_TASK DETAILS_
Transcribe, exactly and without pictures, the lines below from the line with "Girocollo in argento" to the line with "Ensimmäinen projekti oli", both ends included, and no others.

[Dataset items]
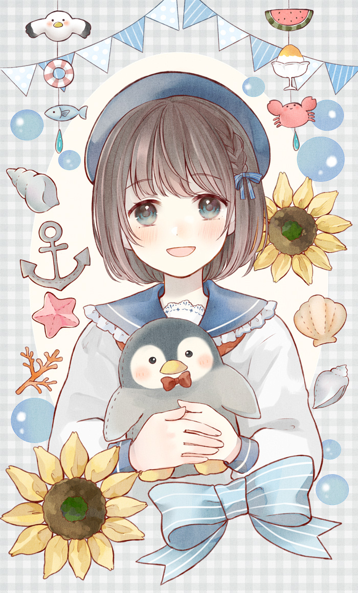 1girl anchor beret blue_bow blue_eyes blue_hat blue_sailor_collar blush bow braid brown_hair commentary_request coral crab cropped_torso dot_nose fish flower food frilled_sailor_collar frilled_shirt_collar frills fruit hair_bow hat holding holding_stuffed_toy long_sleeves looking_at_viewer neckerchief open_mouth original plaid_background puffy_long_sleeves puffy_sleeves red_neckerchief sailor_collar seashell shell shirt short_hair side_braid smile solo star_(symbol) straight-on striped_bow stuffed_animal stuffed_penguin stuffed_toy sunflower tententuyu upper_body watermelon watermelon_slice white_shirt
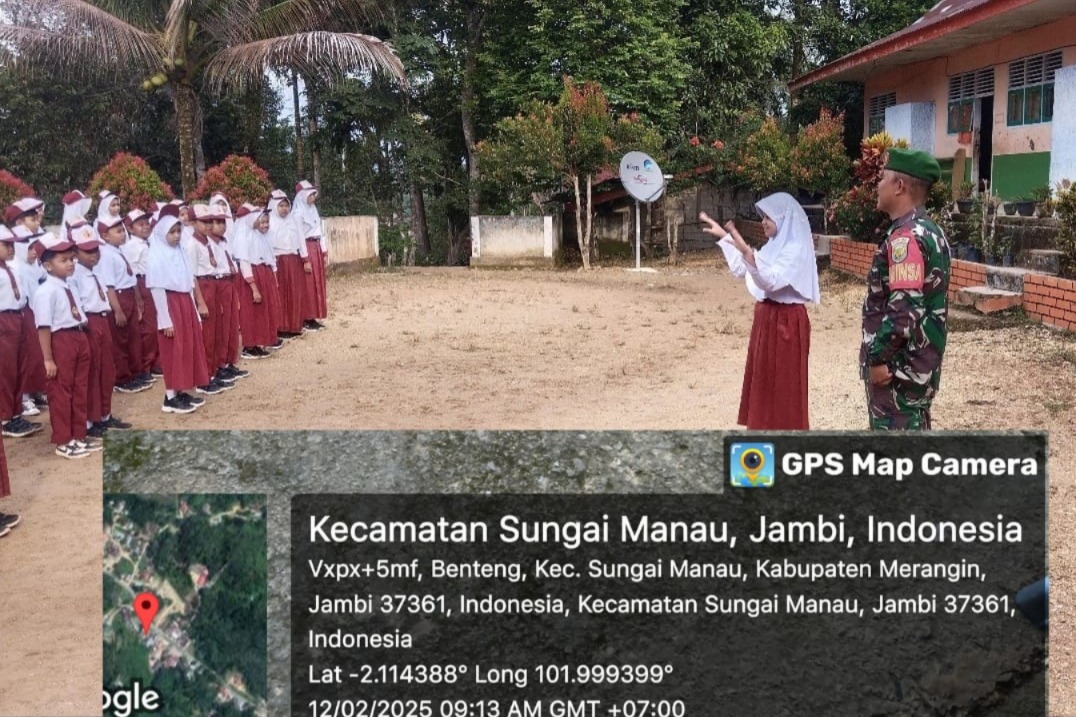 Merangin, Rabu 12 Februari 2025 – Dalam rangka membentuk karakter disiplin dan rasa cinta tanah air sejak usia dini, Babinsa Koramil 420-07/Sei Manau, Kodim 0420/Sarko, Serda Hariyanto melaksanakan kegiatan Komunikasi Sosial (Komsos) melalui program Babinsa Masuk Sekolah di SDN 03/VI Desa Benteng, Kecamatan Sei Manau, Kabupaten Merangin. Program ini bertujuan untuk menanamkan nilai-nilai nasionalisme kepada para siswa-siswi dan memberikan wawasan tentang peran penting TNI dalam menjaga kedaulatan negara.
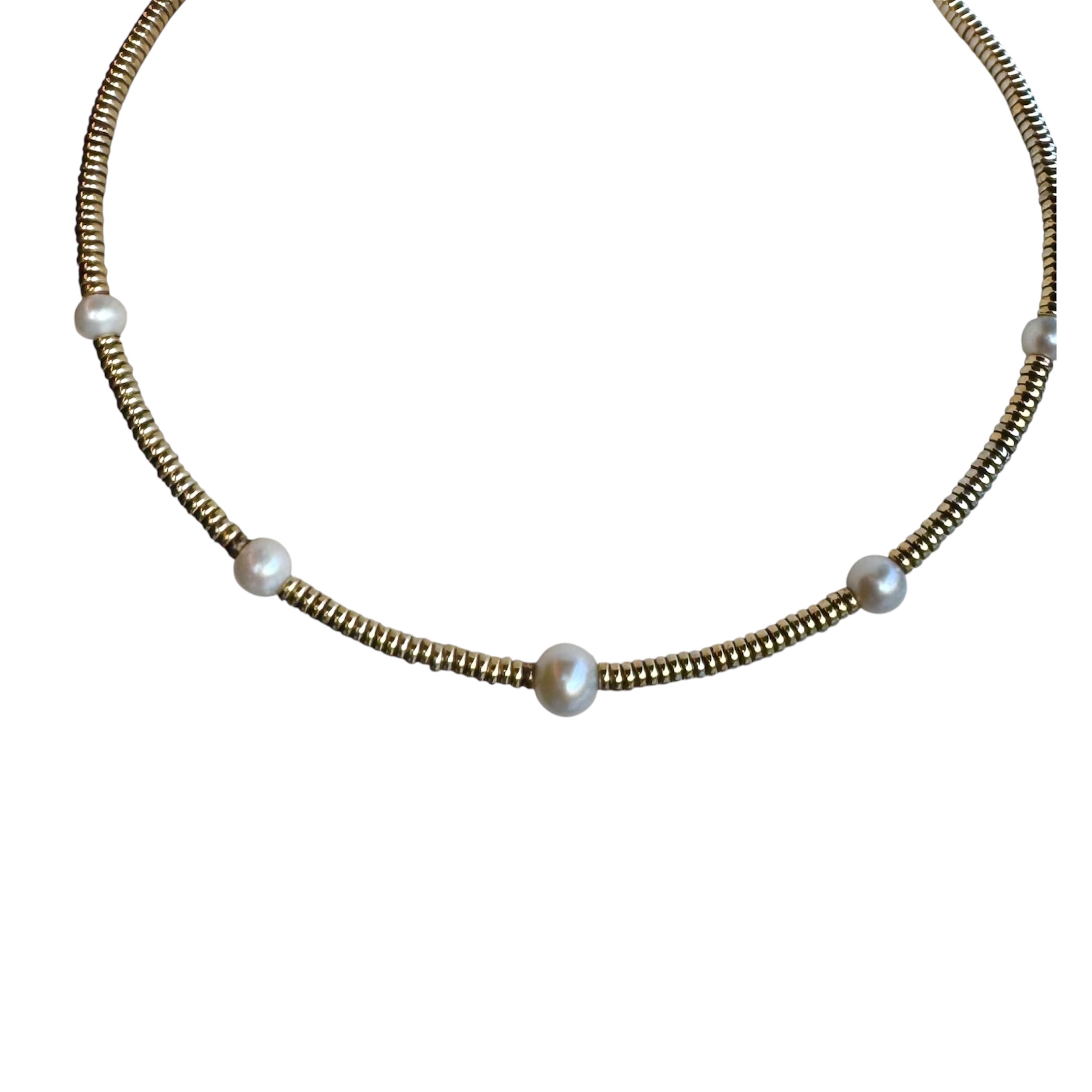 Girocollo in argento dorato con perle bianche.
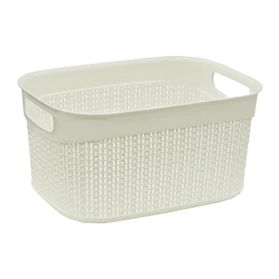 JVL Knit Design Loop 9L Plastic Storage Basket, Ivory
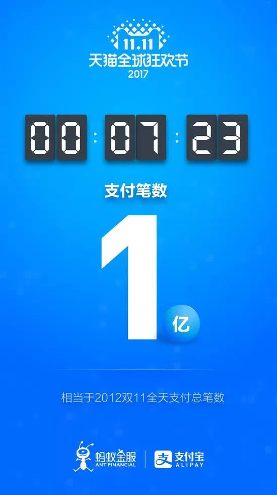 7分23秒支付笔数突破1亿笔,支付峰值达25.6万笔每秒
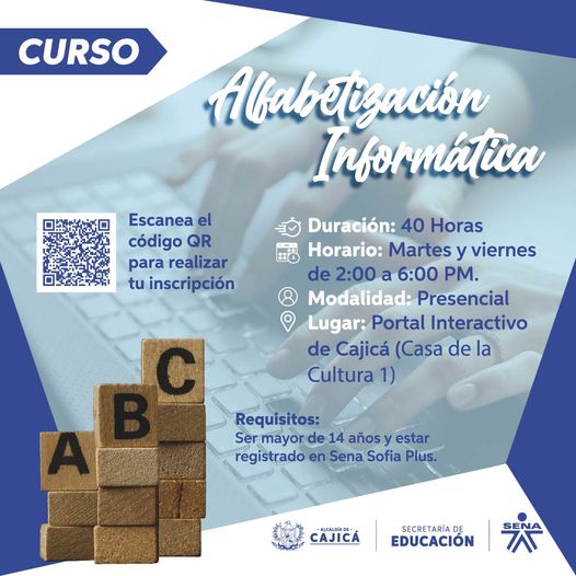 La Secretaría de Educación y el Sena invitan a participar en el curso de alfabetización informática.
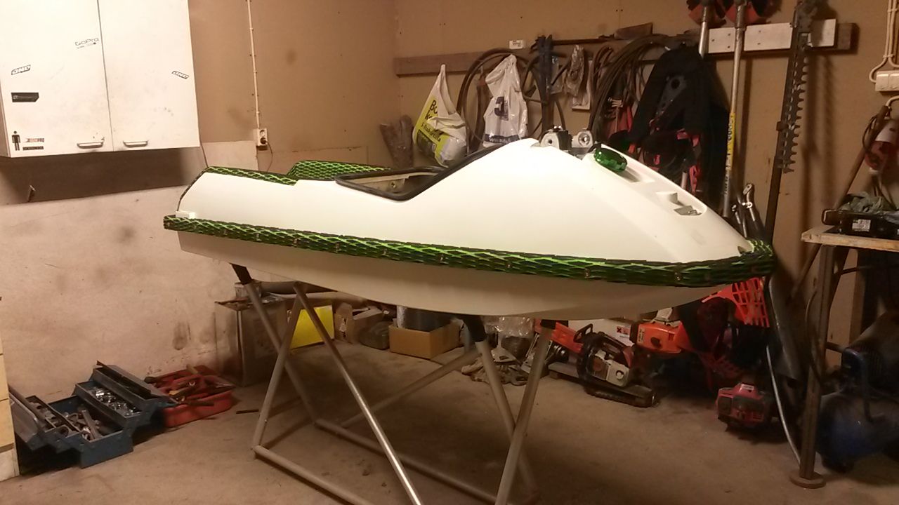 Ensimmäinen projekti oli valmistaa jetille korkeampi pukki. Yksi ilta, nippu alumiiniputkea, pussillinen suunnittelujuomaa ja vähän mielikuvitusta niin johan alko syntymään.
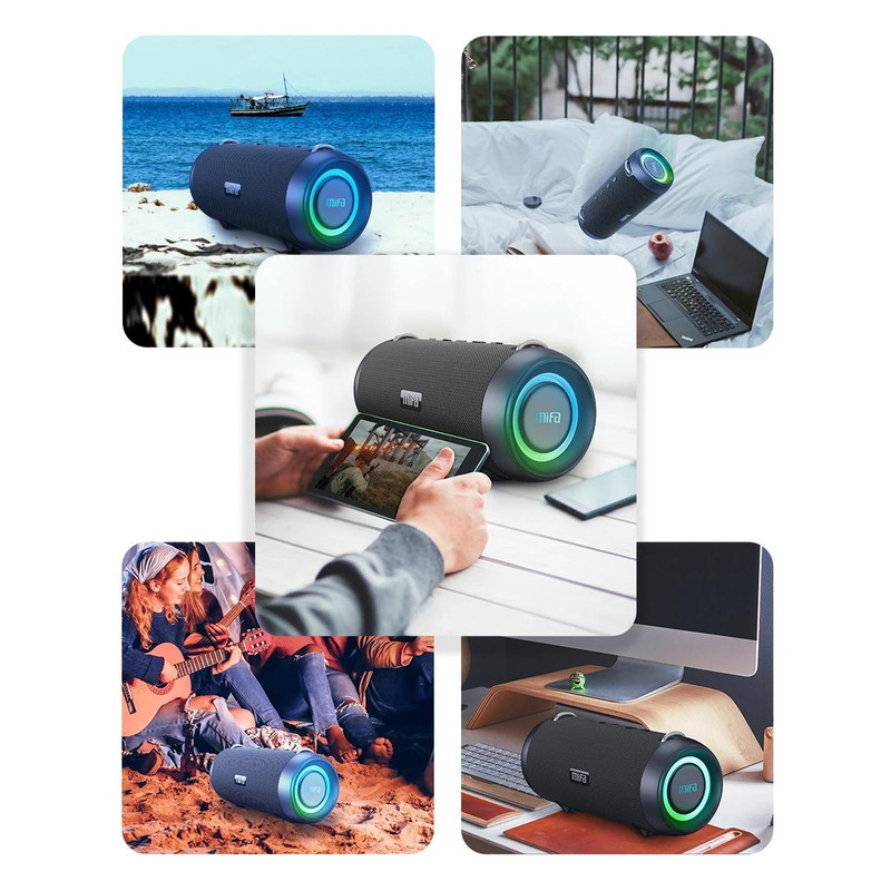 برند MIFA از تولید کنندگان مطرح صدا و صوت برای استفاده در فضای باز است. این برند دارای شبکه فروش گستردهای در بیش از 50 کشور جهان شامل ایالات متحده، آلمان، اسپانیا، دانمارک و دیگر کشورها است. مفهوم محصولات شکرت MIFA از ایالت کالیفرنیا ایالات متحده امریکا گرفته شده است؛ جایی که آفتاب گرم، ساحل، فستیوالهای موسیقی و گردهماییها و مهمانیها جلوه زیادی دارند.شرکت MIFA همیشه در طراحی و تولید محصولات خود از شعار «صدای روح» پیروی کرده است و مراحل سنگین و پیاپی رفع اشکال را برای تمامی محصولاتش در نظر گرفته است.این شرکت با به کارگیری تکنیکهای آنالیزی PureSoundTM برای تمامی محصولات خود شبیه سازی شنوایی انسان را به حداکثر رسانده و تجربه گوش دادن به موسیقی بسیار باکیفیت را برای کاربرانش به ارمغان آورده است.اسپیکر MIFA A90 Party Bluetooth یکی از پرطرفدارترین محصولات این کمپانی شناخته شده آمریکایی است که به صورت کاملا حرفهای و ماهرانه، بدون هیچ گونه عیب و نقصی وارد بازار شده است. این دستگاه با نور پردازی منحصر به فرد خود و صدای قدرتمند و باس عمیق، برای هر مهمانی فضا جدیدی به ارمغان میآورد.اسپیکر MIFA A90 Party Bluetooth یکی از محصولات حرفهای و قدرتمند است که تا به امروز طرفداران زیادی داشته و جزو پر فروشترین محصولات کمپانی MIFA به شمار میرود.
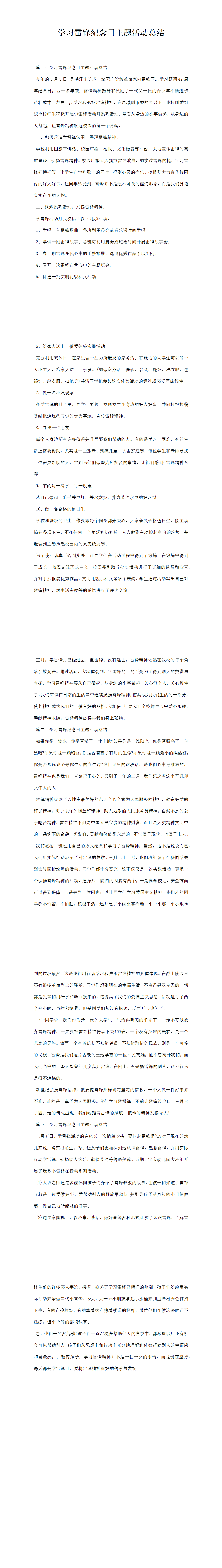 學(xué)習(xí)雷鋒紀(jì)念日主題活動總結(jié)
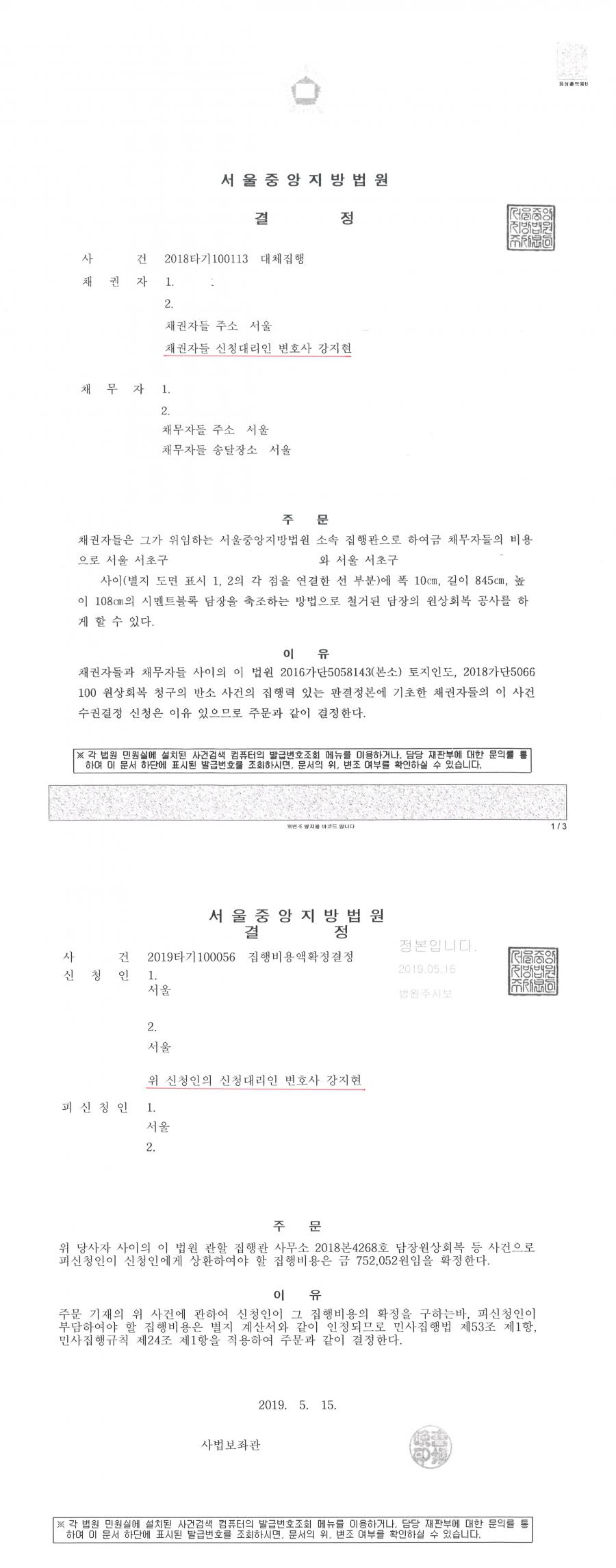 - 판결요지 : 인접한 토지에 의뢰인이 설치하였던 담장이 원고 자신들의 토지 지상에 축조되었다고 주장하며 철거를 구하는 소송에서 소송 진행 중 원고는 자력으로 담장을 철거하였고 원고의 자력구제에 원상회복 청구의 반소를 제기한 사건. 법원의 측량감정을 통하여 이 사건 담장이 토지의 경계선에 위치하였음을 입증하여 승소한 후 원고가 자발적으로 원상회복을 행하지 않아 대체집행신청을 한 후, 집행관을 통하여 담장설치 원상회복을 진행한 후 집행비용을 상대방에게 청구하여 받음으로써 법률 분쟁을 완료한 사건.

_EXERCISE SOLUTION_
 Girocollo in argento dorato con perle bianche.
 JVL Knit Design Loop 9L Plastic Storage Basket, Ivory
 7分23秒支付笔数突破1亿笔,支付峰值达25.6万笔每秒
 La Secretaría de Educación y el Sena invitan a participar en el curso de alfabetización informática.
 Ensimmäinen projekti oli valmistaa jetille korkeampi pukki. Yksi ilta, nippu alumiiniputkea, pussillinen suunnittelujuomaa ja vähän mielikuvitusta niin johan alko syntymään.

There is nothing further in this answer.